PTMEiAA: Medycyna estetyczna nie dla kosmetyczek

Polskie Towarzystwo Medycyny Estetycznej i Anti-Aging przedstawiło stanowisko, z którego wynika, że wykonywanie estetycznych zabiegów lekarskich z wykorzystaniem np. toksyny botulinowej, czy wypełniaczy przez osoby bez uprawnień medycznych, to przekroczenie prawa, które może być karalne. Są pierwsze zgłoszenia o podejrzeniu popełnienia przestępstwa przez kosmetyczki. Produkty będą wycofywane z obrotu?
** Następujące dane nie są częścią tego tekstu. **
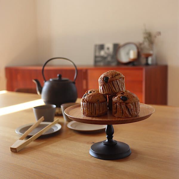 先日、出張で行った丹波篠山で黒豆を買ったのでお正月にたくさん黒豆を作りました。おいしい!と家族にも大好評。でもさすがにお正月を過ぎると飽きてしまってなかなか減らず・・そこで、黒豆を使って黒豆きな粉マフィンを作りました。和の素材を使ったマフィンなので黒染めのコンポートに載せてみました。黒豆茶も入れて和風アフタヌーンティーっぽくコーディネート。シックな雰囲気が和の素材にも合いますよ。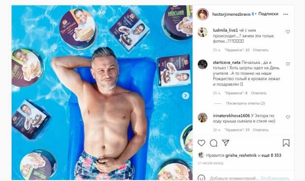 net. Судья "Мастер Шеф" рассказывал, что занимается спортом примерно четыре раза в неделю, и даже во время отдыха старается найти зал, чтобы пойти на тренировку. Результаты ресторатор демонстрирует в своем Инстаграм. Так, на новом фото Эктор Хименес-Браво позировал в одних плавках, лежа на надувном матрасе в бассейне. Таким оригинальным способом ресторатор поздравил всех с Днем учителя. В Сети неоднозначно отреагировали на столь смелый снимок. "Хорошо, что хоть в шортах", "Что с ним происходит....? зачем эти г**ые фотки...???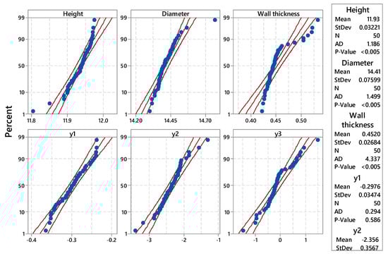 We used the MATLAB software to improve the quality of the transformation of the non-normal data, allowing it to become normally distributed. Consequently, the skewness of the transformed data was dramatically improved by designing an appropriate algorithm based on changing the parameters of the transformation function iteratively and evaluating the corresponding results against the original. Table 7 presents the skewness values for the considered three quality characteristics of the 3D-printed parts (height, ; diameter,; and wall thickness, ), with the skewness values of the same data after transformation by the two considered methods. The table clearly demonstrates the large differences between original and Johnson-/improved Johnson-transformed data in terms of skewness.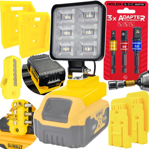 PREZENT DLA FANA DEWALTA ZESTAW ADAPTERÓW LAMPA UCHWYTY NA NARZĘDZIA I BATERIE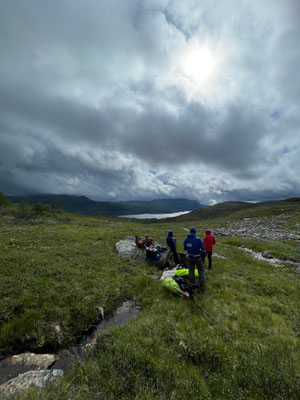 Tagsüber werden wir zusammen in der Gruppe laufen. Um Equipment (Kocher, Zelt, Tarp usw.) sinnvoll aufzuteilen und um geeignetere Zeltplätze zu finden, macht es Sinn, dass wir uns (für nachts) in Zweiergruppen aufteilen.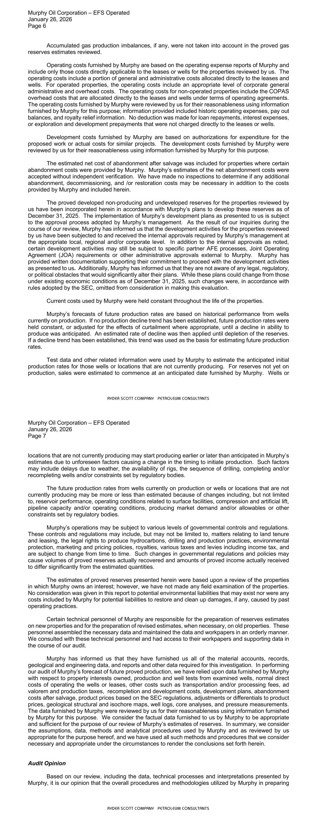 Murphy Oil Corporation – EFS Operated January 26, 2026 Page 6 RYDER SCOTT COMPANY PETROLEUM CONSULTANTS Accumulated gas production imbalances, if any, were not taken into account in the proved gas reserves estimates reviewed. Operating costs furnished by Murphy are based on the operating expense reports of Murphy and include only those costs directly applicable to the leases or wells for the properties reviewed by us. The operating costs include a portion of general and administrative costs allocated directly to the leases and wells. For operated properties, the operating costs include an appropriate level of corporate general administrative and overhead costs. The operating costs for non-operated properties include the COPAS overhead costs that are allocated directly to the leases and wells under terms of operating agreements. The operating costs furnished by Murphy were reviewed by us for their reasonableness using information furnished by Murphy for this purpose; information provided included historic operating expenses, pay out balances, and royalty relief information. No deduction was made for loan repayments, interest expenses, or exploration and development prepayments that were not charged directly to the leases or wells. Development costs furnished by Murphy are based on authorizations for expenditure for the proposed work or actual costs for similar projects. The development costs furnished by Murphy were reviewed by us for their reasonableness using information furnished by Murphy for this purpose. The estimated net cost of abandonment after salvage was included for properties where certain abandonment costs were provided by Murphy. Murphy’s estimates of the net abandonment costs were accepted without independent verification. We have made no inspections to determine if any additional abandonment, decommissioning, and /or restoration costs may be necessary in addition to the costs provided by Murphy and included herein. The proved developed non-producing and undeveloped reserves for the properties reviewed by us have been incorporated herein in accordance with Murphy’s plans to develop these reserves as of December 31, 2025. The implementation of Murphy’s development plans as presented to us is subject to the approval process adopted by Murphy’s management. As the result of our inquiries during the course of our review, Murphy has informed us that the development activities for the properties reviewed by us have been subjected to and received the internal approvals required by Murphy’s management at the appropriate local, regional and/or corporate level. In addition to the internal approvals as noted, certain development activities may still be subject to specific partner AFE processes, Joint Operating Agreement (JOA) requirements or other administrative approvals external to Murphy. Murphy has provided written documentation supporting their commitment to proceed with the development activities as presented to us. Additionally, Murphy has informed us that they are not aware of any legal, regulatory, or political obstacles that would significantly alter their plans. While these plans could change from those under existing economic conditions as of December 31, 2025, such changes were, in accordance with rules adopted by the SEC, omitted from consideration in making this evaluation. Current costs used by Murphy were held constant throughout the life of the properties. Murphy’s forecasts of future production rates are based on historical performance from wells currently on production. If no production decline trend has been established, future production rates were held constant, or adjusted for the effects of curtailment where appropriate, until a decline in ability to produce was anticipated. An estimated rate of decline was then applied until depletion of the reserves. If a decline trend has been established, this trend was used as the basis for estimating future production rates. Test data and other related information were used by Murphy to estimate the anticipated initial production rates for those wells or locations that are not currently producing. For reserves not yet on production, sales were estimated to commence at an anticipated date furnished by Murphy. Wells or Murphy Oil Corporation – EFS Operated January 26, 2026 Page 7 RYDER SCOTT COMPANY PETROLEUM CONSULTANTS locations that are not currently producing may start producing earlier or later than anticipated in Murphy’s estimates due to unforeseen factors causing a change in the timing to initiate production. Such factors may include delays due to weather, the availability of rigs, the sequence of drilling, completing and/or recompleting wells and/or constraints set by regulatory bodies. The future production rates from wells currently on production or wells or locations that are not currently producing may be more or less than estimated because of changes including, but not limited to, reservoir performance, operating conditions related to surface facilities, compression and artificial lift, pipeline capacity and/or operating conditions, producing market demand and/or allowables or other constraints set by regulatory bodies. Murphy’s operations may be subject to various levels of governmental controls and regulations. These controls and regulations may include, but may not be limited to, matters relating to land tenure and leasing, the legal rights to produce hydrocarbons, drilling and production practices, environmental protection, marketing and pricing policies, royalties, various taxes and levies including income tax, and are subject to change from time to time. Such changes in governmental regulations and policies may cause volumes of proved reserves actually recovered and amounts of proved income actually received to differ significantly from the estimated quantities. The estimates of proved reserves presented herein were based upon a review of the properties in which Murphy owns an intere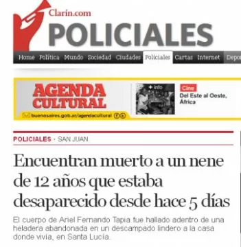 Los medios gráficos, televisivos y digitales del país se hicieron eco de la muerte del pequeño Ariel Tapia, encontrado ayer en un baldío.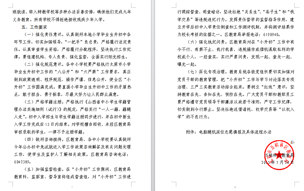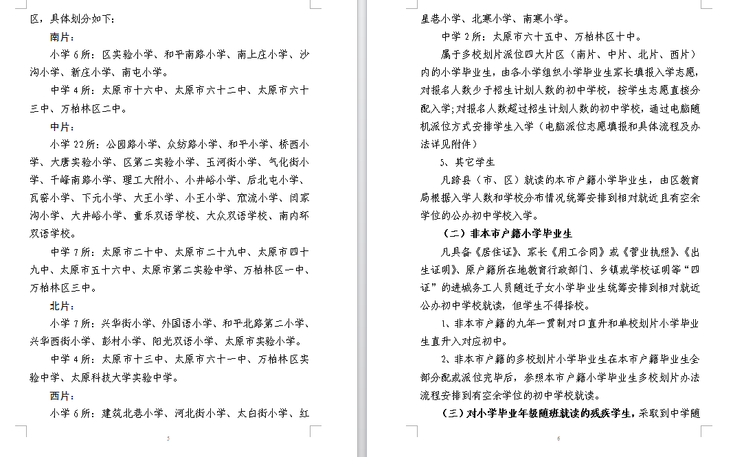 2015年太原万柏林区公办初中小升初入学政策(2)

Portal rynekestetyczny.pl dotarł do oficjalnego stanowiska Polskiego Towarzystwa Medycyny Estetycznej i Anti-Aging w sprawie wykonywania zabiegów lekarskich z zakresu medycyny estetycznej przez osoby nieuprawnione oraz nieuprawnionego stosowania w tym celu produktów leczniczych i wyrobów medycznych. Pod dokumentem podpisali się dr Andrzej Ignaciuk, prezes PTMEiAA oraz wiceprezes tej organizacji dr Waldemar Jankowiak.

Sprawa w prokuraturze to początek

Ze stanowiska wynika, że w ostatnich miesiącach lekarze obserwują w niebywałej skali proceder wykonywania zabiegów lekarskich z zakresu medycyny estetycznej przez osoby nieuprawnione (głównie kosmetyczki). Według dr Waldemara Jankowiaka, osoby te po odbyciu bezprawnych szkoleń, organizowanych w celach komercyjnych przez różne podmioty, również lekarzy, otrzymują bezwartościowe, w świetle obowiązującego w Polsce prawa, certyfikaty.

Organizujący szkolenia i kursanci prezentują opinię, że zabiegi medycyny estetycznej nie są świadczeniem zdrowotnym, więc ich wykonywanie nie jest ograniczone prawem. Według dostępnych nam analiz prawnych stanowisko to jest nadużyciem niosącym za sobą liczne konsekwencje w zakresie odpowiedzialności karnej i cywilno-prawnej wobec wszystkich podmiotów mających udział w tej działalności – czytamy w oficjalnym stanowisku PTMEiAA.

Jak dowiedział się portal rynekesetyczny.pl PTMEiAA podjęło już działania w kierunku wstrzymania wykonywania zabiegów przez osoby nieuprawnione. Jak informowaliśmy wcześniej, śledztwo w tego typu sprawie prowadzi prokuratura w Poznaniu. Ponadto z nieoficjalnych informacji, którymi dysponuje rynekestetyczny.pl wynika, że planowane są dalsze działania mające na celu m. in. zwrócenie uwagi na nielegalny – zdaniem PTMEiAA – proceder szkolenia kosmetyczek przez lekarzy w zakresie zabiegów o charakterze medycznym.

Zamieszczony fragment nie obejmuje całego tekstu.